[[ Extracted entries, beginning ]]

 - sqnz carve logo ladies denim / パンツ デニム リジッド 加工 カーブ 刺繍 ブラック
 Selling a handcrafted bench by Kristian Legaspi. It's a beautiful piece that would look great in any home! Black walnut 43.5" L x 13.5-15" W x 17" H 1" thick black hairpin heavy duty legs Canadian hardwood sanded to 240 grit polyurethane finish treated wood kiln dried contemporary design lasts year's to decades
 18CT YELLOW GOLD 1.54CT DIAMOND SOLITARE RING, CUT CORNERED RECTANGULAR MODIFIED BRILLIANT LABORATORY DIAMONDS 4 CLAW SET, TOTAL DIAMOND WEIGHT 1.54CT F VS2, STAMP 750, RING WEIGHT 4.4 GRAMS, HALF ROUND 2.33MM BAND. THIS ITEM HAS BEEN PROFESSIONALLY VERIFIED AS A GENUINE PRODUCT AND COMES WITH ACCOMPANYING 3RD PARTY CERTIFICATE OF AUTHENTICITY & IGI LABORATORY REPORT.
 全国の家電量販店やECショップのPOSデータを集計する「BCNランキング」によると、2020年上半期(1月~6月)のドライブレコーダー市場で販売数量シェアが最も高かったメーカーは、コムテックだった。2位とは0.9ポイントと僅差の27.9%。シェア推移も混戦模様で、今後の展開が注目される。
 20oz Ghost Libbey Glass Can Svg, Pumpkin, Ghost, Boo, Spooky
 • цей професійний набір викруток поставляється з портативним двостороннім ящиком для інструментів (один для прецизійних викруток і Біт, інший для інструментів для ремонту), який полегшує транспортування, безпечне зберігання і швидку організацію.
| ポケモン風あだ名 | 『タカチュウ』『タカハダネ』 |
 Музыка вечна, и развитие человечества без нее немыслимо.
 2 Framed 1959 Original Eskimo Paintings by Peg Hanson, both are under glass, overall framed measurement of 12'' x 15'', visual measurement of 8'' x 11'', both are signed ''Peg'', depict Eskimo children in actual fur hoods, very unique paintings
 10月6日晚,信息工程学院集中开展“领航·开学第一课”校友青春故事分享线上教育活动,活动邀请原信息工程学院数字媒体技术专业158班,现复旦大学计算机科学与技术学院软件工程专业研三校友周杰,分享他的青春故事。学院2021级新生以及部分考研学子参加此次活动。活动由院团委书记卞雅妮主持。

[[ Extracted entries, end ]]

Task directions —
Your task is to repeat every entry exactly.

Answer to the problem —
 - sqnz carve logo ladies denim / パンツ デニム リジッド 加工 カーブ 刺繍 ブラック
 Selling a handcrafted bench by Kristian Legaspi. It's a beautiful piece that would look great in any home! Black walnut 43.5" L x 13.5-15" W x 17" H 1" thick black hairpin heavy duty legs Canadian hardwood sanded to 240 grit polyurethane finish treated wood kiln dried contemporary design lasts year's to decades
 18CT YELLOW GOLD 1.54CT DIAMOND SOLITARE RING, CUT CORNERED RECTANGULAR MODIFIED BRILLIANT LABORATORY DIAMONDS 4 CLAW SET, TOTAL DIAMOND WEIGHT 1.54CT F VS2, STAMP 750, RING WEIGHT 4.4 GRAMS, HALF ROUND 2.33MM BAND. THIS ITEM HAS BEEN PROFESSIONALLY VERIFIED AS A GENUINE PRODUCT AND COMES WITH ACCOMPANYING 3RD PARTY CERTIFICATE OF AUTHENTICITY & IGI LABORATORY REPORT.
 全国の家電量販店やECショップのPOSデータを集計する「BCNランキング」によると、2020年上半期(1月~6月)のドライブレコーダー市場で販売数量シェアが最も高かったメーカーは、コムテックだった。2位とは0.9ポイントと僅差の27.9%。シェア推移も混戦模様で、今後の展開が注目される。
 20oz Ghost Libbey Glass Can Svg, Pumpkin, Ghost, Boo, Spooky
 • цей професійний набір викруток поставляється з портативним двостороннім ящиком для інструментів (один для прецизійних викруток і Біт, інший для інструментів для ремонту), який полегшує транспортування, безпечне зберігання і швидку організацію.
| ポケモン風あだ名 | 『タカチュウ』『タカハダネ』 |
 Музыка вечна, и развитие человечества без нее немыслимо.
 2 Framed 1959 Original Eskimo Paintings by Peg Hanson, both are under glass, overall framed measurement of 12'' x 15'', visual measurement of 8'' x 11'', both are signed ''Peg'', depict Eskimo children in actual fur hoods, very unique paintings
 10月6日晚,信息工程学院集中开展“领航·开学第一课”校友青春故事分享线上教育活动,活动邀请原信息工程学院数字媒体技术专业158班,现复旦大学计算机科学与技术学院软件工程专业研三校友周杰,分享他的青春故事。学院2021级新生以及部分考研学子参加此次活动。活动由院团委书记卞雅妮主持。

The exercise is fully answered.